At this point, I decided to look for an insider perspective on this part of the product. Mike Stewart, an engineer on our Oracle team, came to the rescue and talked through the high-level implementation of the LogSync feature. He agreed the issue might have to do with the SSH connection doing the log removal, and he posited the removal command itself -
rm -f was hanging. With this theory, support worked with the customer to examine the host. There were a large number of these files left around, confirming that the deletion was not successful. However, there was nothing unexpected about the permissions of the files, which would have been the most obvious cause for the failed delete. We attempted a manual deletion and saw that rm asked for confirmation: are you sure you want to delete this?
This gave Mike an idea. What if the SSH connection that executed the file deletion didn’t know how to handle the rm confirmation message? He tried out this theory on a test VM and found the SSH thread did indeed hang when returned a prompt. But there was just one problem - that’s what the
rm -f (the command LogSync used) was supposed to take care of.
From rm’s man page:
-f ignore nonexistent files and arguments, never prompt
This seemed like a dead-end, unless there was some other way that a prompt was being produced disregarding the -f. After sharing this with a wider group, another engineer suggested the customer might have aliased (reassigned) the rm command to
rm -i, a configuration that might have been put in place to guard against accidental deletions.

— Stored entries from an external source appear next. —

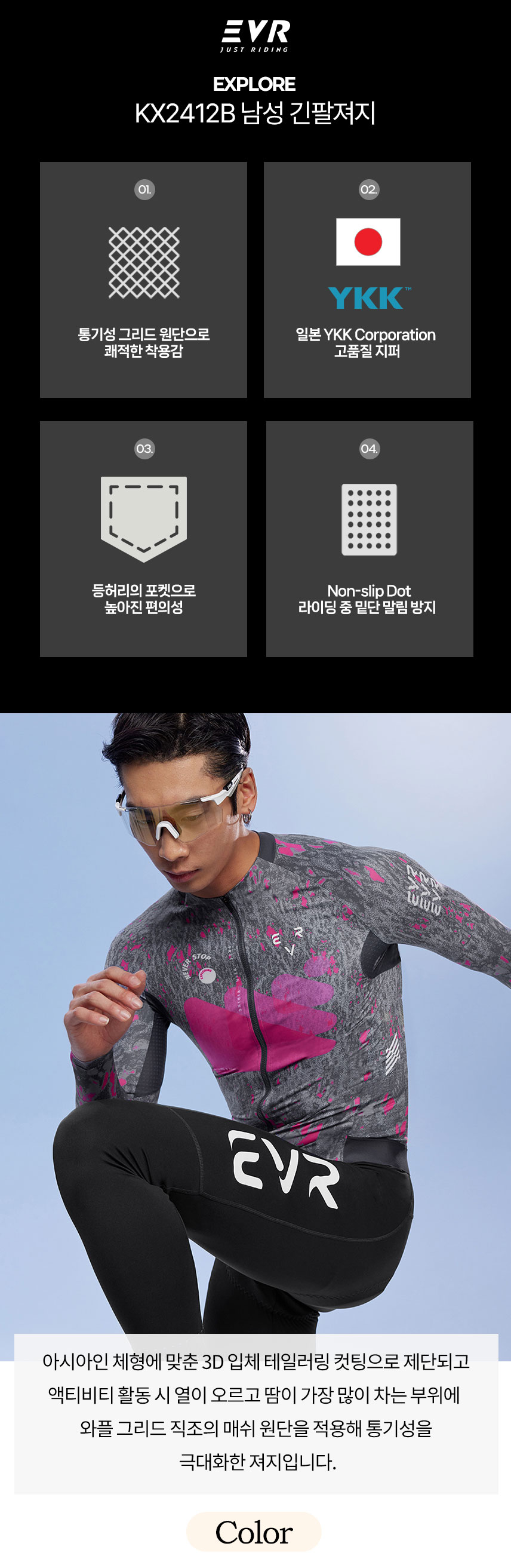 이브이알(EVR)은 감각적인 디자인과 기능성을 바탕으로 도심부터 산악 지형까지 다양한 라이딩 환경을 아우르며 사이클링을 단순한 스포츠를 넘어 일상의 라이프스타일로 확장해 제안하는 전문 사이클링 브랜드입니다.
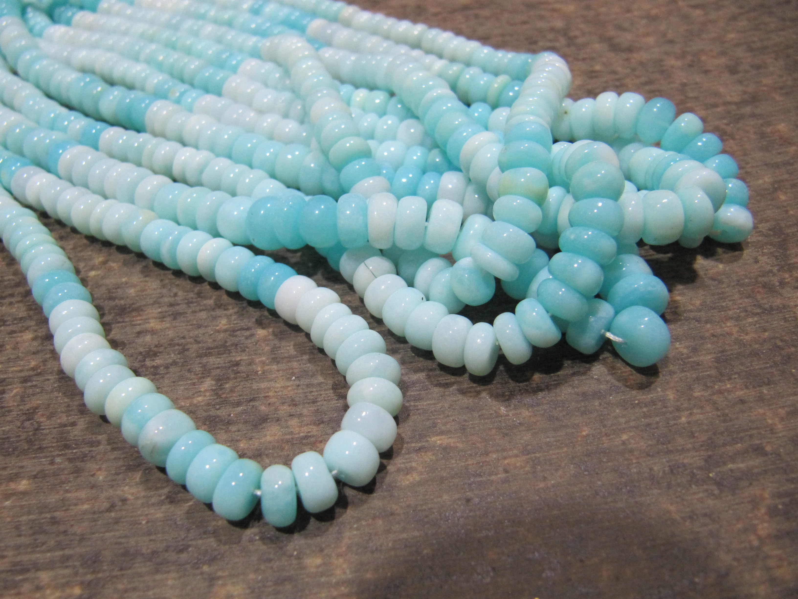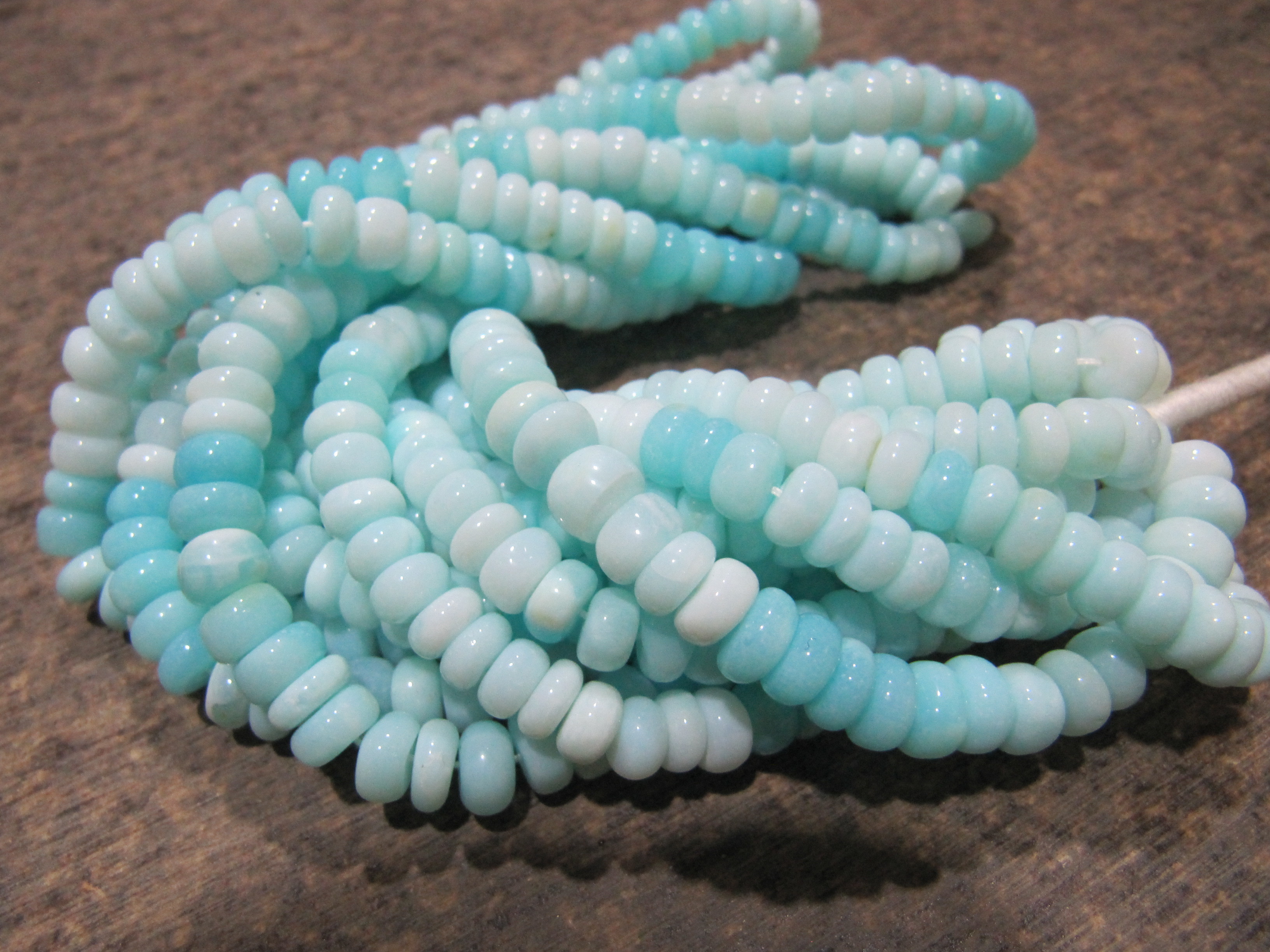Explore in english - Natural Blue Peruvian Opal Rondelle Plain Smooth Beads 5-6mm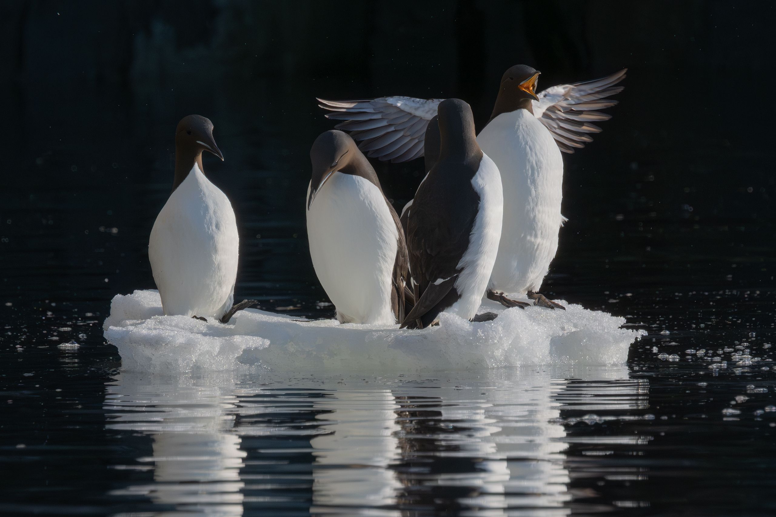 Brünnich\'s Guillemots, often mistaken for their southern relatives, on a drifting ice floe in Hinlopen Strait beneath the towering Alkefjellet Bird Cliffs. With their tuxedo-like plumage and upright stance, they certainly give off a penguin-like vibe—but these agile seabirds are built for the Arctic, thriving in the icy waters of Svalbard.

-i prompt before every removal
Again, we worked with the customer to inspect their system and using the
alias command found that our theory was right! This meant that everytime SnapSync tried to forcibly delete a file, it actually ran
rm -i -f and got a prompt anyway. Interestingly,
rm -i -f does different things depending on which OS you’re using. On Linux,
rm -f -i gives a prompt but
rm -i -f does not. On Solaris (the OS of the customer’s host), however,
-i always negates
The short term solution for this customer was to remove the alias on their system. Support cleaned up the excess files and the SSH commands were able to start completing.
However, this bug also highlighted a number of areas for improvement in our product.
The way the SSH command execution hung on the command prompt instead of progressing or giving up.
The way connections were able to build up until running the process out of memory, rather than timing out or being cleaned up in another way.
At a high level, this issue highlighted an area where our software was susceptible to seemingly unrelated user system configuration, and breaking this dependency will make it more robust. Though we’d prefer customers to have a flawless product experience, escalations always teach us a lot. We discovered an unexpected failure condition and the design problems that led to it, and we look forward to taking these lessons forward to create a better product for everyone.
Though the solution to this specific escalation wasn’t especially complex, it was well hidden. The trail started with OS memory management and I followed clues that led me through Java process management, our Oracle SnapSync functionality, SSH connections, and finally to simple shell scripting. The journey drove me to learn new tools, immerse myself in unfamiliar areas of the product, and leverage collaboration between engineers all across the organization. Most of all, it reminded me that I enjoy debugging problems like this because it pushes me out of my comfort zone. Debugging always shows me how much I’ve grown and areas that I can work on next. Plus, there’s just something so satisfying about finally tracking down the answer - it’s not everyday you see command aliasing causing native memory exhaustion.